Мика ждала, наблюдала, как добрый зверь рылся на высокой полочке, что над раковиной. Достал оттуда глиняный кувшин с мёдом. Опять повернулся к Мике, держа кувшин обеими лапами перед ней.
— Тебе хорошо? — он спросил, глядя на неё своим безразмерным, глубоким зелёным взглядом.
— Очень-очень, — довольно кивнула девочка.
— А что взамен?
Мика ему не ответила, только вытянулась на носочках, вскинула голову, потянулась довольным лицом к своему мохнатому другу.
Большой Медведь взял кувшин чуть удобнее, освободив одну лапу. Навернул ею тёплый, духмяный мёд.
— Ты у меня умница, я всегда знал это! — говорил он, измазывая ей щёки, губы. Мазок за мазком, левая щека, правая. Обязательно — по дуге губ. И чтоб с подбородка свисало. И липкое-жёлтое чтоб по шее и на пол капало.
Медведь мазал её лицо мёдом, а Мика ему подставлялась, охотно вращалась-вертелась под его сильной лапой. Иногда ещё слизывала, облизывалась игриво.

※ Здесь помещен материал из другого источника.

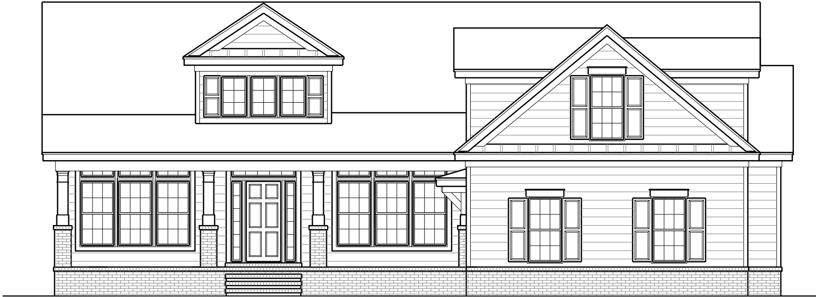
Tidewater I Front Elevation Scale: 1/4" = 1'-0"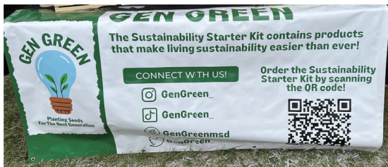
Gen Green banner at the Farmer's Market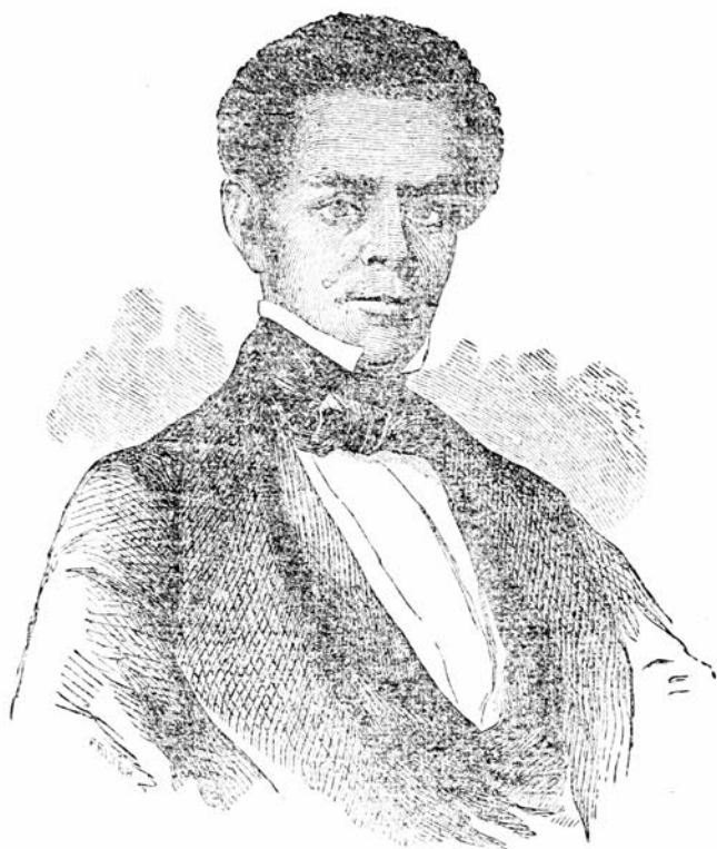
JOSEPH JENKINS ROBERTS, from Virginia, First President of Liberia, elected for four terms of two years each.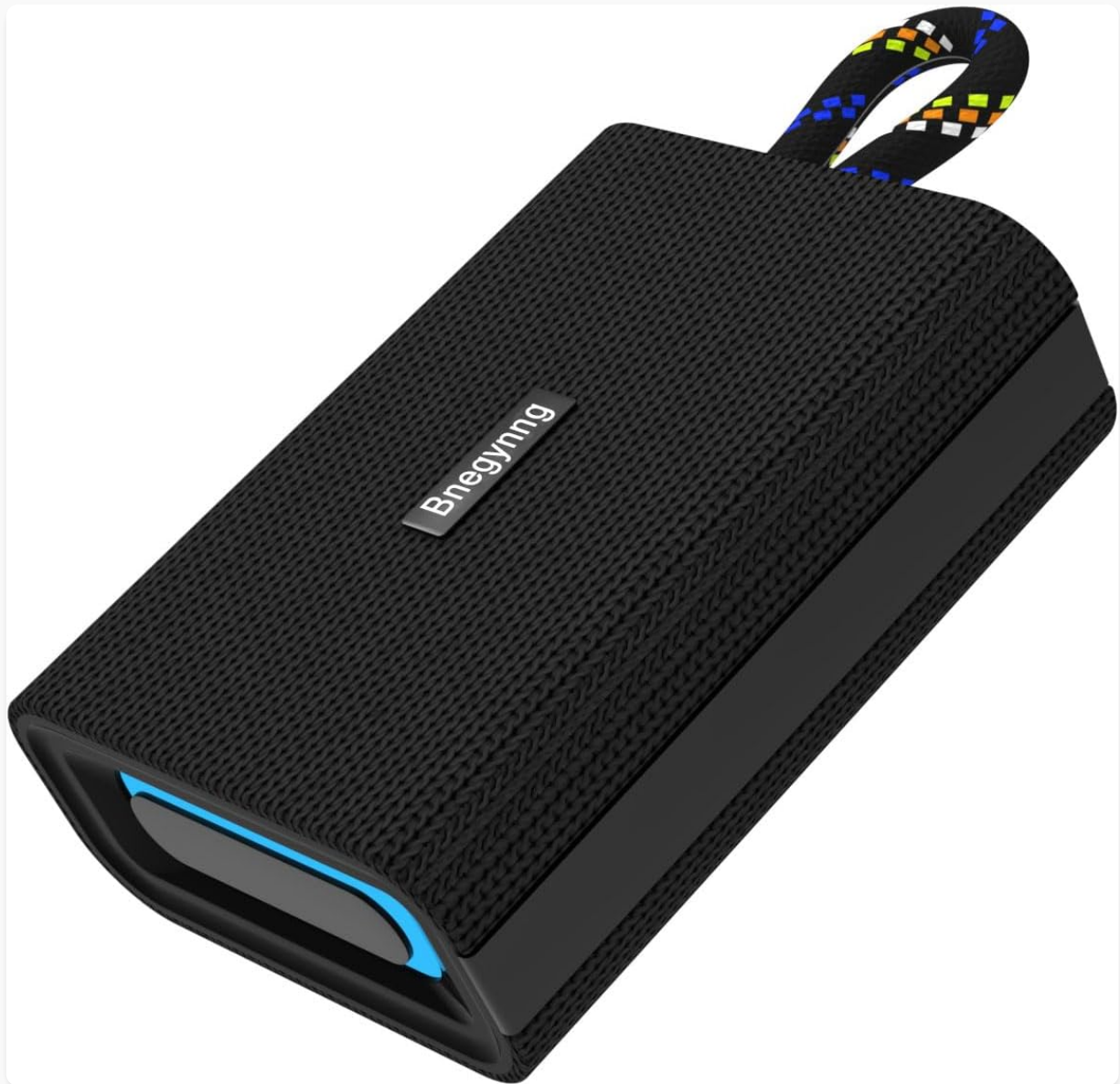
Image: The Bnegynng Portable Bluetooth Speaker, a compact black device with a colorful lanyard and blue light accent.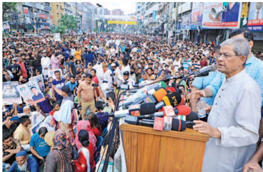
Left, Awami League General Secretary Obaidul Quader addresses an event in front of the party headquarters in Gulistan yesterday afternoon, marking its 75th founding anniversary. Right, demanding immediate, unconditional release of party Chairperson Khaleda Zia, BNP Secretary General Mirza Fakhrul Islam Alamgir speaks at a rally in front of its central office in the city's Nayapaltn area around the same time.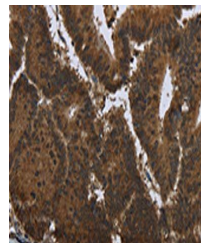
Immunohistochemistry of paraffin-embedde...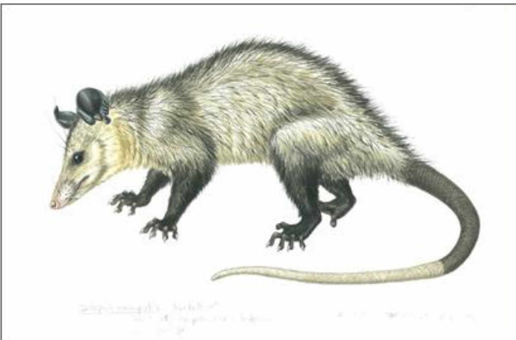
Didelphis $ 200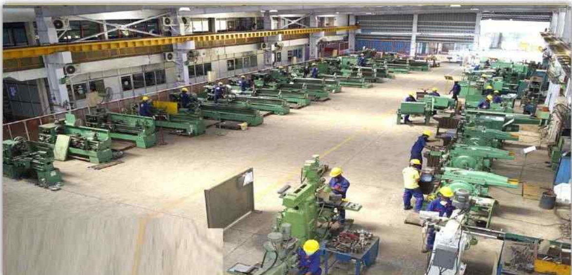
Machine Shop - III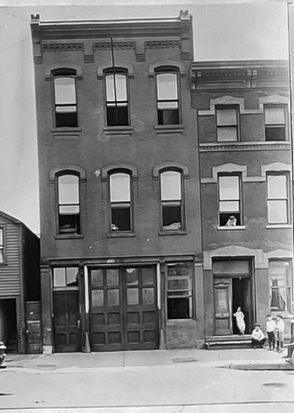
ENG 3 855 W. Erie St Formerly the house of Chemical 3 in the early years this house was headquarters of ENG 3 from Feb 3, 1891 until disbandment May 16, 1956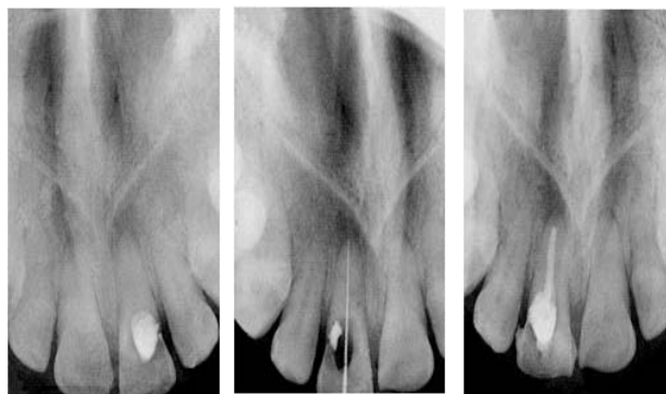
Calcified upper central Length measuring X-ray After Obturation

The case was negotiated using the same procedure as Case: 1 but it was completed in two sittings to avoid any risk using calcium hydro-oxide dressing after the 1st sitting.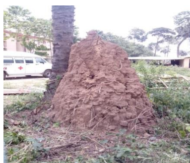
Figure 1: Type II anthill located in Afe Babalola University, Ado Ekiti Nigeria on an elevation of 1165 ft above sea level, having latitude (N7°36.409') and longitude (E005°18.627').

Anthill is a naturally occurring material which can serve as potential catalyst in transesterification process. As shown in Table 4, anthill sample contains several metal oxides in which some of them in their pure forms have been used as catalysts for biodiesel synthesis [41, 69]. An anthill is a form of siliceous or fire clay which is formed at the entrances of subterranean dwelling of ant colonies [77-78]. An ant colony is an underground chamber where ants live and is being built and maintained by worker ants. According to Paton et al. [79], anthill is classified into two categories, namely type I and type II anthills. Type I nest is less noticeable in the ant territory, because it is small in size and shape. However, they are characterized by waste deposition and are easily influenced by erosion [80-81]. By comparison, types II mound as shown in Figure 1, is huge, often stick together, sometimes surrounded by vegetation and persist for many years [78].

— Ну, вот! — отступил от неё довольно, закончив своё искусство. — Совсем другое дело же, правда!
Вся в меду, Мика лучилась светом, а липкое становилось сладким, добавляло сияния её светлой коже.
— Ты у меня самый-самый! — в приступе нежности обняла его, приникла к огромному пузу, кутаясь в буром — и таком родном мехе.
— Ну, ну, всё измажешь, — нехотя отстранил её от себя. — Давай, — подтолкнул лапами её плечи, — беги. беги к остальным.
— Ага!
Ах, да, самое главное: раз уж Мика на кухне, время всем приготовить чай. Её самый-самый любимый. Чёрная Принцесса Ява. Он на дальней полочке, там же, где стоял медвежий кувшин с мёдом. И если сегодня день Мики, то и чай обязательно должен быть.
«Продолжить: данет»
В этом зале не так-то уж много объектов.
Есть телевизор — он транслирует лица и белый шум. А ещё у него антенны-усики, как у каких-нибудь муравьёв.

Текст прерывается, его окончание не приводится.